2020年1月31日にEUを正式離脱したイギリスであるが[134]、離脱以前の2014年10月にイギリスは現行著作権法である1988年著作権、意匠及び特許法
(英語版) (Copyright, Designs and Patents Act 1988、略称: CDPA) を改正し、第30A条でカリカチュア、パロディ、パスティーシュの3点を著作権侵害の例外 (フェアディーリング(英語版)) に追加したことで、EUの2001年情報社会指令の規定に沿った形となった[7][135]。ただし第30A条の新設以前から、一般的な著作権侵害で提訴された被告がパロディを主張して抗弁するケースは存在していた[7]。歴史的にみると、日本でも江戸時代の狂歌や[19]、戦争中の軍歌の替え歌パロディなど[140]、パロディ創作は古くから行われていた。そして高度経済成長期 (1960年から1973年頃[141]) に入ると著作物の模倣が横行した[142]。その反動で著作者側の権利保護意識が極度に高まったことが、日本でのパロディ創作を困難にした要因であるとの指摘もある[142]。
また商標法についても、日本ではパロディ許容が消極的であり、パロディ商標は出願されても実際には登録却下される事例が多いと言われている[85]。パロディ商標が認められなかった一例については「面白い恋人#販売差止訴訟」を参照
日本の著作権法上でパロディの取扱規定が存在しない問題は、少なくとも2007年(平成19年)ごろには公的に議論されるようになり[143][144]、引用の要件を定めた第32条にパロディを加える案や、米国のフェアユースに類似する一般規定を設ける案などが検討されたものの、判例数の少ない日本における法改正は困難との見通しも示されている[144]。
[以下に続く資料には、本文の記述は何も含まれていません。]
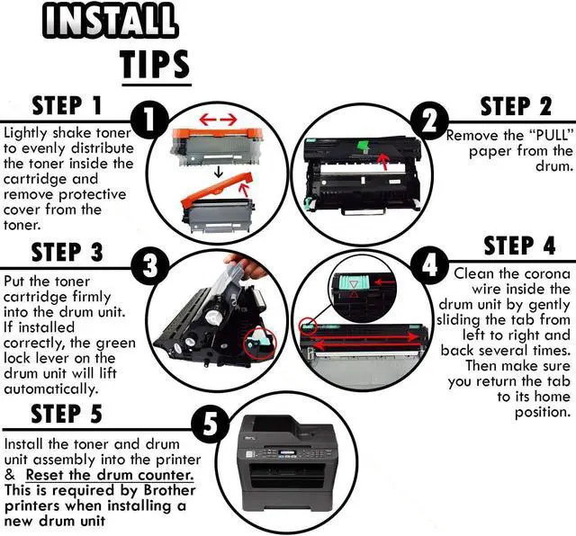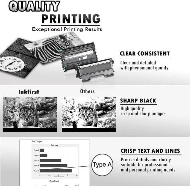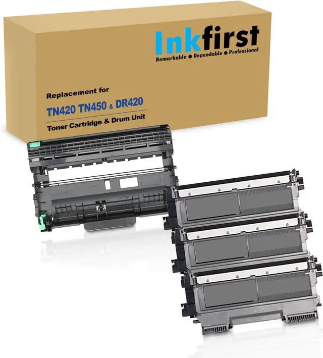 These Inkfirst compatible remanufactured TN-420 TN-450 DR-420 black toner cartridges & drums are manufactured in ISO9001 and ISO40001 certified manufacturing facilities. These Brother TN-420 TN-450 DR-420 replacement toner cartridges are cost-effective and they offer professional high printing quality for all your printing needs. You'll be getting the same OEM Brother TN-420 TN-450 (TN420 TN450) toner cartridges & DR-420 (DR420) drum unit printing quality but only at a fraction of the cost. Save even more now with the purchasing of this value pack of 4 Brother TN-420 TN-450 DR-420 compatible toner cartridges & drums. These replacement Brother TN-420 TN-450 DR-420 toner cartridges & drums are for use in the following Brother printers: Brother DCP-7060D / DCP-7065DN, HL-2220 / HL-2230 / HL-2240 / HL-2240D / HL2270DW / HL-2280DW, MFC-7360N / MFC-7460DN / MFC-7860DW.

2012年 (平成24年) には著作権を管轄する文化庁の下、法制問題小委員会にパロディワーキンググループが設置され[85]、インターネット上で共有される二次創作などを念頭に、パロディ目的の利用緩和に向けた法改正が協議されることとなった[145]。すでに2007年 - 2008年のワーキンググループ調査報告書では、パロディが共有されるプラットフォームとしてYouTubeやニコニコ動画といったサービス名が挙げられており、具体的な法整備の必要性が議論された[144]。しかしながら2020年時点で、パロディに関する著作権法の改正は実現に至っていない。
このような情勢下で、日本の著作権法が唯一寛容なのが、コミックマーケットを代表とする同人誌即売会などで行われる同人誌販売である。